Proteomic profiling reveals that collismycin A is an iron chelator

Abstract

Collismycin A (CMA), a microbial product, has anti-proliferative activity against cancer cells, but the mechanism of its action remains unknown. Here, we report the identification of the molecular target of CMA by ChemProteoBase, a proteome-based approach for drug target identification. ChemProteoBase profiling showed that CMA is closely clustered with di-2-pyridylketone 4,4-dimethyl-3-thiosemicarbazone, an iron chelator. CMA bound to both Fe(II) and Fe(III) ions and formed a 2:1 chelator-iron complex with a redox-inactive center. CMA-induced cell growth inhibition was completely canceled by Fe(II) and Fe(III) ions, but not by other metal ions such as Zn(II) or Cu(II). Proteomic and transcriptomic analyses showed that CMA affects the glycolytic pathway due to the accumulation of HIF-1α. These results suggest that CMA acts as a specific iron chelator, leading to the inhibition of cancer cell growth.

Figure 1. CMA arrests cell cycle at the G1 phase.

(a) Structure of CMA. (b) Effect of CMA on the cell cycle. HeLa or HL-60 cells were treated with the indicated concentrations of CMA for 12 h, and then analyzed by flow cytometry after propidium iodide staining. (c) CMA decreases the expression of cyclin D1. HeLa cells were treated with 1 μM CMA for the indicated times. Cell lysates were immunoblotted with anti-cyclin D1, anti-CDK4, anti-p27^Kip1, and anti-α-tubulin.

Figure 2. Cluster analysis by ChemProteoBase profiling.

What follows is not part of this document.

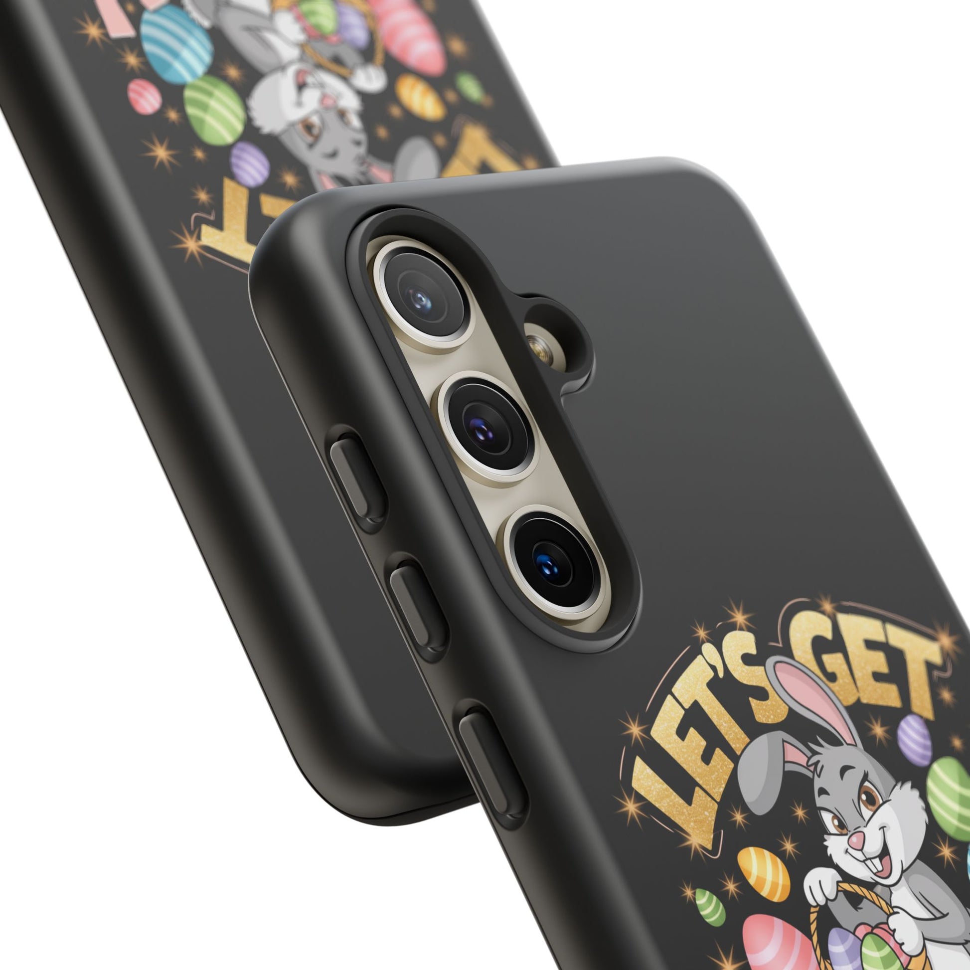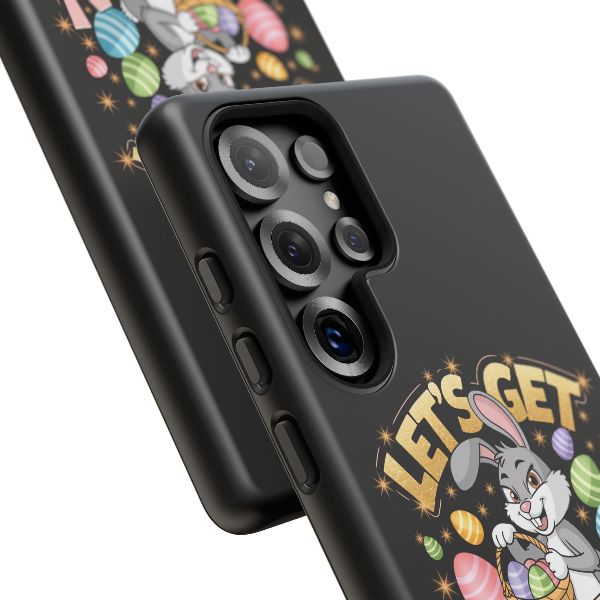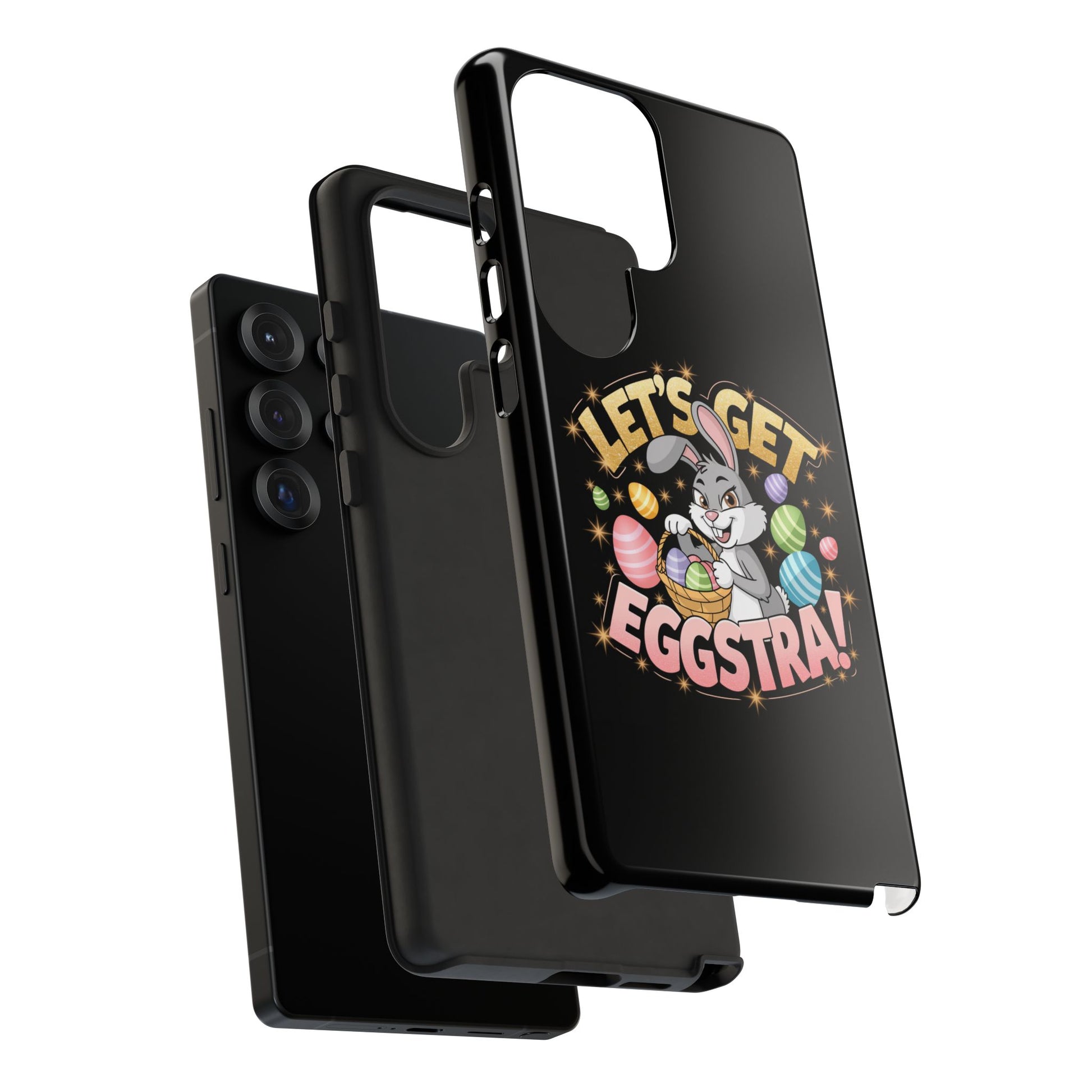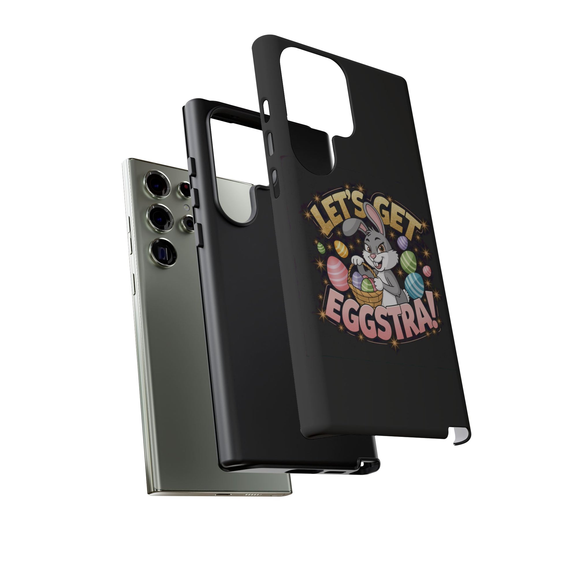 A fun Samsung Phone Case with the Easter Bunny on it that states 'Let's Get Eggstra'. This phone case exudes a playful and festive vibe, perfect for Easter celebrations. It is relevant to adults looking to add a touch of holiday spirit to their phone accessories.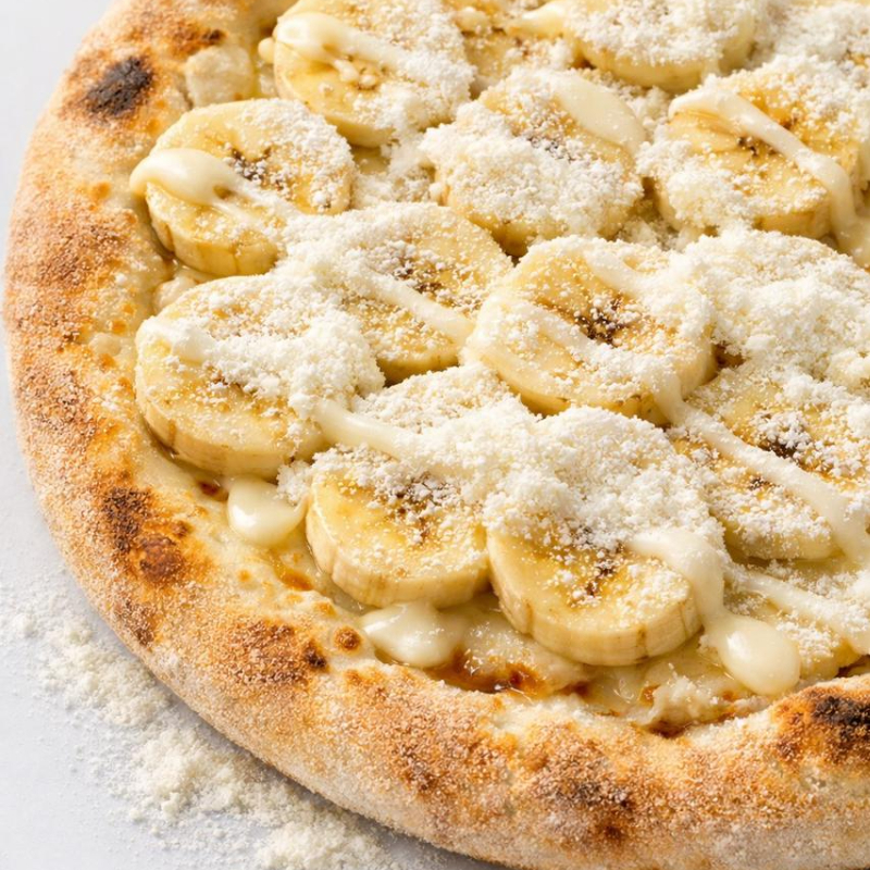 Deliciosa pizza Broto com 4 fatias de Banana gratinada - Massa, creme de leite, banana e chocolate branco gratinado.

HeLa cells were treated with 5 μM CMA for 18 h, and proteomic analysis was performed by the 2-D DIGE system. Quantitative data of the 296 common spots (x-axis) derived from CMA and those of 42 well-characterized compounds were analyzed by hierarchical clustering. In the heat map, log-fold (natural base) of the normalized volume is shown on the colored scale.

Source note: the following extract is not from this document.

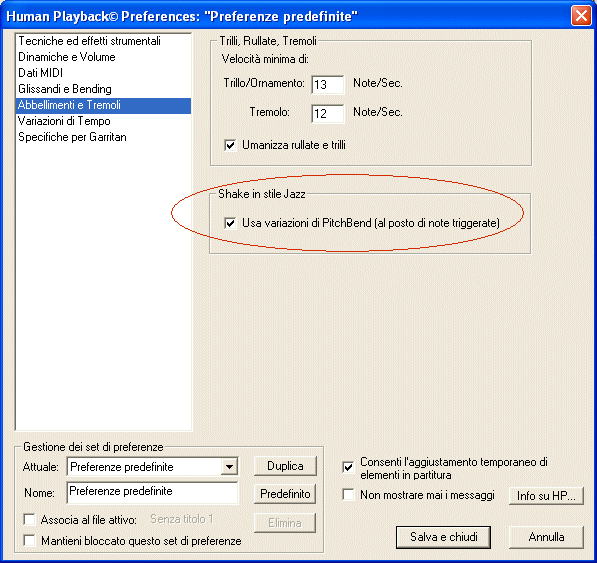 In molte partiture jazz, una linea ondulata o un'indicazione per il trillo sopra le note degli ottoni indica un trillo rapido effettuato con le labbra, chiamato shake. Nella sezione Abbellimenti e tremoli della finestra di dialogo Preferenze di Human Playback, vi è un'opzione specifica per l'interpretazione di queste linee ondulate, indicazioni di tremolo,rappresentate dalla forma intelligente "linea ondulata" o dall'articolazione ~ per far sì che venga utilizzata una variazione del PitchBend per la realizzazione degli shakes in stile jazz anziché un normale trillo:

Figure 3. CMA forms 2:1 chelator-iron complex.

(a) CMA binds to both Fe(II) and Fe(III) ions. The mixed solutions of CMA with various concentrations of Fe(II) or Fe(III) ion were analyzed by HPLC. (b) Absorption spectra in the formation of Fe(II)-(CMA)₂ complex (solid line) and after the reaction of the complex with O₂ (dashed line). (c) Absorption spectra in the formation of Fe(II)-(CMA)₂ complex (solid line) and after the reaction of the complex with H₂O₂ (dashed line). (d,e) ESI-mass spectra of isolated Fe(II)-(CMA)₂ complex (inset: calculated isotope pattern of positive ion clusters at m/z 303.0).

Figure 4. CMA acts as a specific iron chelator.

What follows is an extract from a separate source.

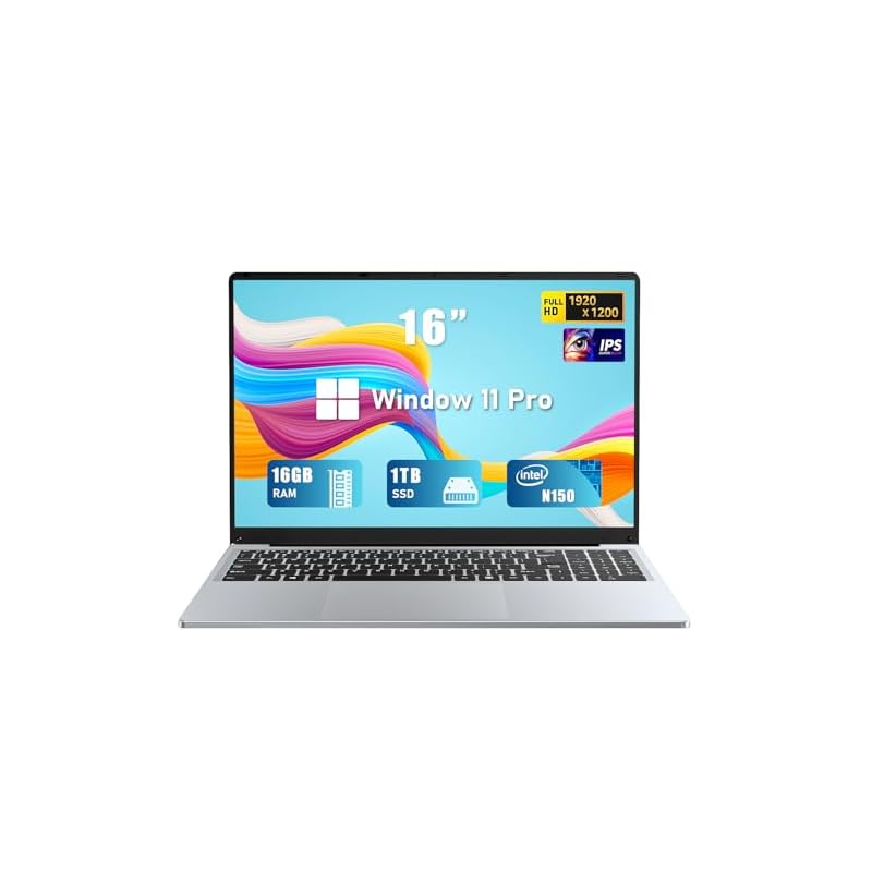 Especificaciones: Portátil para juegos, computadora portátil de 16 pulgadas con Windows 11 Pro, procesador Intel N150 de 12ª generación (hasta 3.6 GHz), 16 GB de RAM 1 TB SSD, teclado retroiluminado, FHD 1920 x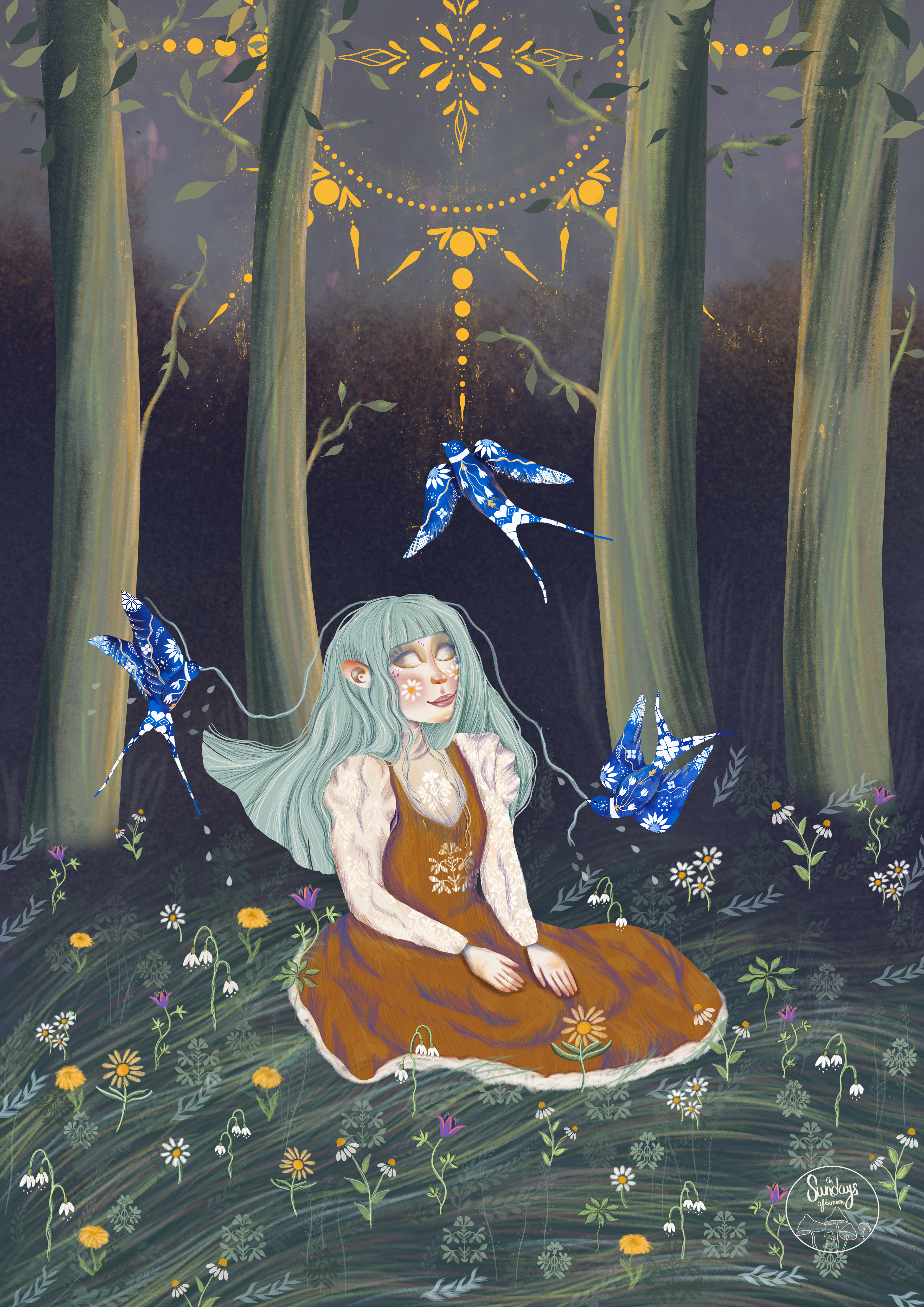 These drawings tell stories of forgotten creatures, wandering souls, and the delicate thread between magic and nature.

(a) The addition of Fe(II) and Fe(III) ions rescue cells from CMA-induced growth inhibition. HeLa cells were treated with the indicated concentrations of CMA in the presence or absence of 10 μM FeCl₂, 10 μM FeCl₃, 10 μM ZnCl₂, 1 μM MnCl₂, 1 μM CuCl₂, or 10 μM MgCl₂ for 72 h, and cell growth was analyzed by WST-8 assay. Data are shown as the mean ± SD (n = 3). Statistical analysis was performed by using ANOVA followed by Tukey-Kramer test. *P < 0.01. (b) CMA decreases intracellular ROS level. HL-60 cells were pretreated with 1 μM CMA for 30 min and were treated with 1 mM H₂O₂ or 100 nM antimycin A (AMA) for 1 h. The ROS level was measured by flow cytometry using carboxy-H2DCF-DA labeling. Data are shown as the mean ± SD (n = 3). Statistical analysis was performed by using ANOVA followed by Tukey-Kramer test. *P < 0.01. (c) CMA markedly induces the expression of HIF-1α. HeLa cells were treated with 1 μM CMA or 100 μM DFO for the indicated times. Cell lysates were immunoblotted with anti-HIF-1α, anti-ferritin light chain, anti-ferritin heavy chain, and anti-α-tubulin.